*** Given data

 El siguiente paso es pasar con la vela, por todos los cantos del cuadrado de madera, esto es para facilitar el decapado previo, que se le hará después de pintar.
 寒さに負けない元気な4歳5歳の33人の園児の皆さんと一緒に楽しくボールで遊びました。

******
*** Given data

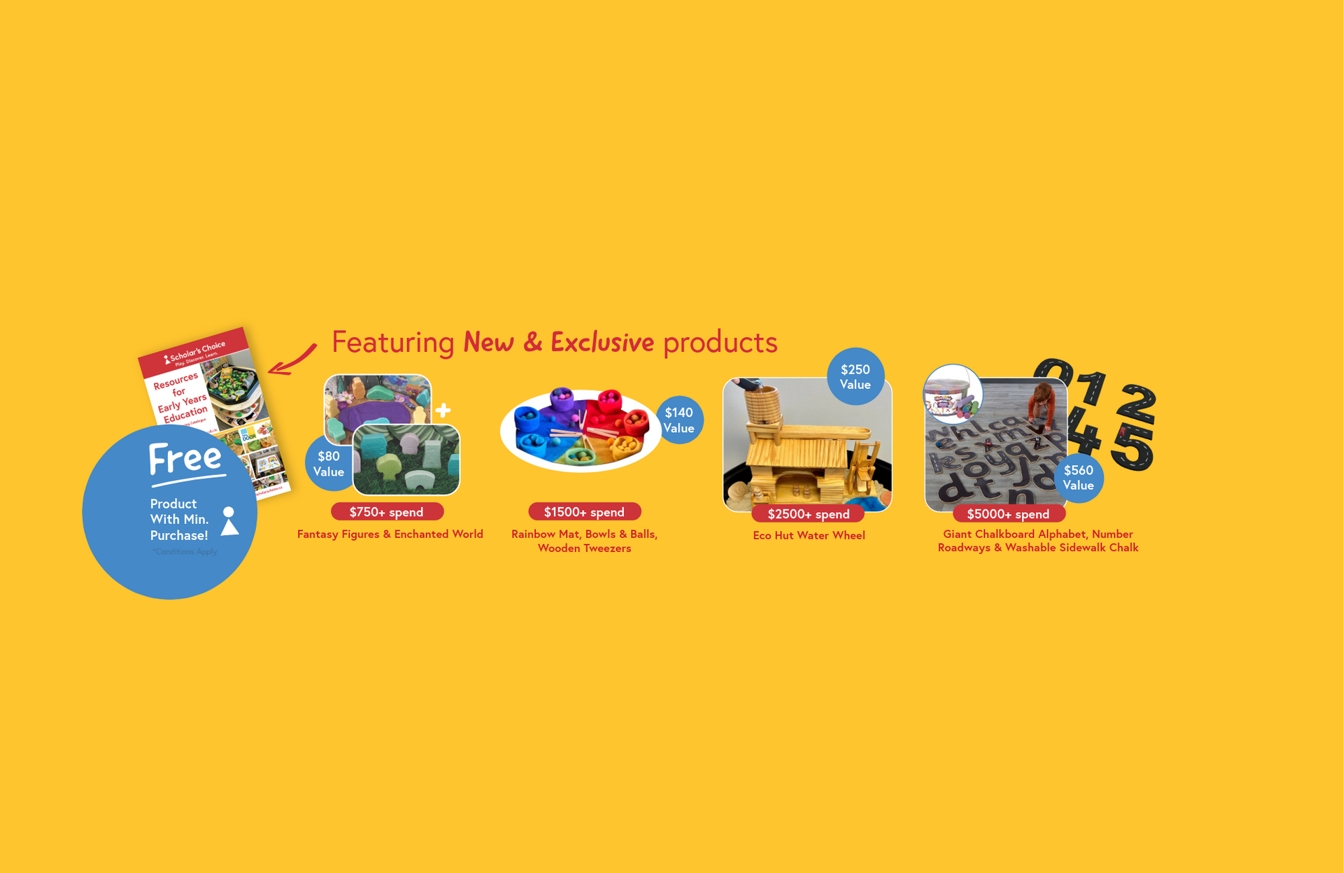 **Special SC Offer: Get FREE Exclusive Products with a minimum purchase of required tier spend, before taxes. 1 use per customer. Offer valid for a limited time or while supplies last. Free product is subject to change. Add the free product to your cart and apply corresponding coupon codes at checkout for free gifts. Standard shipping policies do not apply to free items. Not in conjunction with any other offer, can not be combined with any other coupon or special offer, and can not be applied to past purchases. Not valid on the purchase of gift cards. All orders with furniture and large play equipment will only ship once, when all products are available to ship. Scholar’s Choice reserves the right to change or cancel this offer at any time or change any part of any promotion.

******
*** Given data

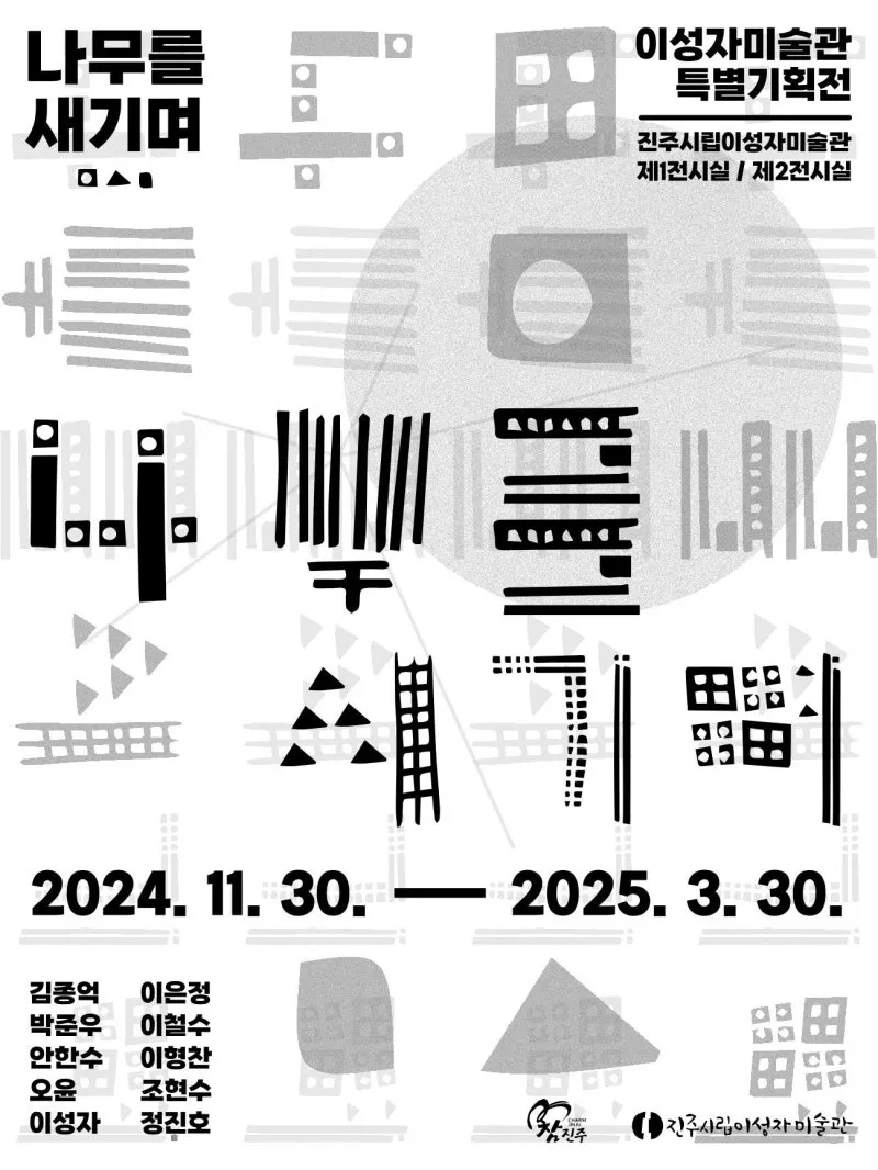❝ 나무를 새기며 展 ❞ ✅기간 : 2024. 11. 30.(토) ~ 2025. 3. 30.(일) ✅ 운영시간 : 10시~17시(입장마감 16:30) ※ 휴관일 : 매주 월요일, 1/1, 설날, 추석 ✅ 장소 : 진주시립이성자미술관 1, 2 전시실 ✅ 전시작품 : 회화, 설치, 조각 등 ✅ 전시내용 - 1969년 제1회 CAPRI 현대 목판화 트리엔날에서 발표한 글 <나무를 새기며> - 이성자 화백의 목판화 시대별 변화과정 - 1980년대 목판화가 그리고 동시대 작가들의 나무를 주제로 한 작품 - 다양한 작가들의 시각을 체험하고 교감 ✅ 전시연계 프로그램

******

[Requirement] Using the data above, reproduce exactly the lines from the line that contains "El siguiente paso" through the line that contains "寒さに負けない元気な4歳5歳", including both.

[Problem solution]
 El siguiente paso es pasar con la vela, por todos los cantos del cuadrado de madera, esto es para facilitar el decapado previo, que se le hará después de pintar.
 寒さに負けない元気な4歳5歳の33人の園児の皆さんと一緒に楽しくボールで遊びました。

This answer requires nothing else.